■ MATERIAL PROVIDED
════════════════

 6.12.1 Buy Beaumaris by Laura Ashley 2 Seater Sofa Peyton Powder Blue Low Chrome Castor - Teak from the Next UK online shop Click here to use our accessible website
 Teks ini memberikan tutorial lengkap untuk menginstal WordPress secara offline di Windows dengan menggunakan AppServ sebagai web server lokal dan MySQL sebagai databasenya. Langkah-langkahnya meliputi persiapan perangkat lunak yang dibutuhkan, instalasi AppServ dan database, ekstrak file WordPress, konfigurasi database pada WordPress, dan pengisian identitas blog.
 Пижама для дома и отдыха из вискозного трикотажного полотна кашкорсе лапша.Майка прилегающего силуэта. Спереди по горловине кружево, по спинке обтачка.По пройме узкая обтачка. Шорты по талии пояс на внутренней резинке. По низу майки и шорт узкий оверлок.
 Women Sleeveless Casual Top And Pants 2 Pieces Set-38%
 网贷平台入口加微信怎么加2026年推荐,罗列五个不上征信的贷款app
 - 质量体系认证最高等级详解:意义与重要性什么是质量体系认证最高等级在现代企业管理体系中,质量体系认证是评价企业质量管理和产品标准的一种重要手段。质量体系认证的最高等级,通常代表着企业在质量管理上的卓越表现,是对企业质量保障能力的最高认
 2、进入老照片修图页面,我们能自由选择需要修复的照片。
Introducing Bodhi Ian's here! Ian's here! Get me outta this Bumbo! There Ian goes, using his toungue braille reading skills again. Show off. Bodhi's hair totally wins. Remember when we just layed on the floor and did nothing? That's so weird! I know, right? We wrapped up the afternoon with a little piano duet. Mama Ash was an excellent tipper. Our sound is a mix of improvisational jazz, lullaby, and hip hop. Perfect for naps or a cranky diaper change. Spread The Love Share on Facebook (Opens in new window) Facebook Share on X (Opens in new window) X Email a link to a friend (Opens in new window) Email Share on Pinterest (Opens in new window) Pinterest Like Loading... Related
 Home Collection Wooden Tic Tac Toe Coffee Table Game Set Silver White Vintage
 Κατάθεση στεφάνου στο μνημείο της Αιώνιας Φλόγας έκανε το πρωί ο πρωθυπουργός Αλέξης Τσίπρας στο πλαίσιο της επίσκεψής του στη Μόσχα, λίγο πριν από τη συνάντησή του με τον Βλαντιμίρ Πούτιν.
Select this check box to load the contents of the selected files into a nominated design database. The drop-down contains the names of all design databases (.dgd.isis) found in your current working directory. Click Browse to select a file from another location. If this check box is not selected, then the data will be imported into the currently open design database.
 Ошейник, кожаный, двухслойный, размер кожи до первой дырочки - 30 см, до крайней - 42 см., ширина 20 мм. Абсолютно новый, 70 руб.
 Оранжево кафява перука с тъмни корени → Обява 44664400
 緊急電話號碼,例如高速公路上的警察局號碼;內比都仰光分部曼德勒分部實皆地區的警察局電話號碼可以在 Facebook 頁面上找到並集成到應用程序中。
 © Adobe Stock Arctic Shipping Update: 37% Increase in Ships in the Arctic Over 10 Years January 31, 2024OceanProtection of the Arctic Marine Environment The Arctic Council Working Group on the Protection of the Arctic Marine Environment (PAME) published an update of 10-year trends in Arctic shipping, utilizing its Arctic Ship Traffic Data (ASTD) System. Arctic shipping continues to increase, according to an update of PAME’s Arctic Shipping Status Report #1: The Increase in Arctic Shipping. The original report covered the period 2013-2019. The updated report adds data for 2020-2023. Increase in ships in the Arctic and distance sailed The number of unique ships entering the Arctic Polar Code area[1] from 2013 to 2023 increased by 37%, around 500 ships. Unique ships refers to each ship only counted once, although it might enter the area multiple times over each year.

════════════════

■ DIRECTIONS
Go through the records above and copy each one exactly.

■ EXPECTED ANSWER
 6.12.1 Buy Beaumaris by Laura Ashley 2 Seater Sofa Peyton Powder Blue Low Chrome Castor - Teak from the Next UK online shop Click here to use our accessible website
 Teks ini memberikan tutorial lengkap untuk menginstal WordPress secara offline di Windows dengan menggunakan AppServ sebagai web server lokal dan MySQL sebagai databasenya. Langkah-langkahnya meliputi persiapan perangkat lunak yang dibutuhkan, instalasi AppServ dan database, ekstrak file WordPress, konfigurasi database pada WordPress, dan pengisian identitas blog.
 Пижама для дома и отдыха из вискозного трикотажного полотна кашкорсе лапша.Майка прилегающего силуэта. Спереди по горловине кружево, по спинке обтачка.По пройме узкая обтачка. Шорты по талии пояс на внутренней резинке. По низу майки и шорт узкий оверлок.
 Women Sleeveless Casual Top And Pants 2 Pieces Set-38%
 网贷平台入口加微信怎么加2026年推荐,罗列五个不上征信的贷款app
 - 质量体系认证最高等级详解:意义与重要性什么是质量体系认证最高等级在现代企业管理体系中,质量体系认证是评价企业质量管理和产品标准的一种重要手段。质量体系认证的最高等级,通常代表着企业在质量管理上的卓越表现,是对企业质量保障能力的最高认
 2、进入老照片修图页面,我们能自由选择需要修复的照片。
Introducing Bodhi Ian's here! Ian's here! Get me outta this Bumbo! There Ian goes, using his toungue braille reading skills again. Show off. Bodhi's hair totally wins. Remember when we just layed on the floor and did nothing? That's so weird! I know, right? We wrapped up the afternoon with a little piano duet. Mama Ash was an excellent tipper. Our sound is a mix of improvisational jazz, lullaby, and hip hop. Perfect for naps or a cranky diaper change. Spread The Love Share on Facebook (Opens in new window) Facebook Share on X (Opens in new window) X Email a link to a friend (Opens in new window) Email Share on Pinterest (Opens in new window) Pinterest Like Loading... Related
 Home Collection Wooden Tic Tac Toe Coffee Table Game Set Silver White Vintage
 Κατάθεση στεφάνου στο μνημείο της Αιώνιας Φλόγας έκανε το πρωί ο πρωθυπουργός Αλέξης Τσίπρας στο πλαίσιο της επίσκεψής του στη Μόσχα, λίγο πριν από τη συνάντησή του με τον Βλαντιμίρ Πούτιν.
Select this check box to load the contents of the selected files into a nominated design database. The drop-down contains the names of all design databases (.dgd.isis) found in your current working directory. Click Browse to select a file from another location. If this check box is not selected, then the data will be imported into the currently open design database.
 Ошейник, кожаный, двухслойный, размер кожи до первой дырочки - 30 см, до крайней - 42 см., ширина 20 мм. Абсолютно новый, 70 руб.
 Оранжево кафява перука с тъмни корени → Обява 44664400
 緊急電話號碼,例如高速公路上的警察局號碼;內比都仰光分部曼德勒分部實皆地區的警察局電話號碼可以在 Facebook 頁面上找到並集成到應用程序中。
 © Adobe Stock Arctic Shipping Update: 37% Increase in Ships in the Arctic Over 10 Years January 31, 2024OceanProtection of the Arctic Marine Environment The Arctic Council Working Group on the Protection of the Arctic Marine Environment (PAME) published an update of 10-year trends in Arctic shipping, utilizing its Arctic Ship Traffic Data (ASTD) System. Arctic shipping continues to increase, according to an update of PAME’s Arctic Shipping Status Report #1: The Increase in Arctic Shipping. The original report covered the period 2013-2019. The updated report adds data for 2020-2023. Increase in ships in the Arctic and distance sailed The number of unique ships entering the Arctic Polar Code area[1] from 2013 to 2023 increased by 37%, around 500 ships. Unique ships refers to each ship only counted once, although it might enter the area multiple times over each year.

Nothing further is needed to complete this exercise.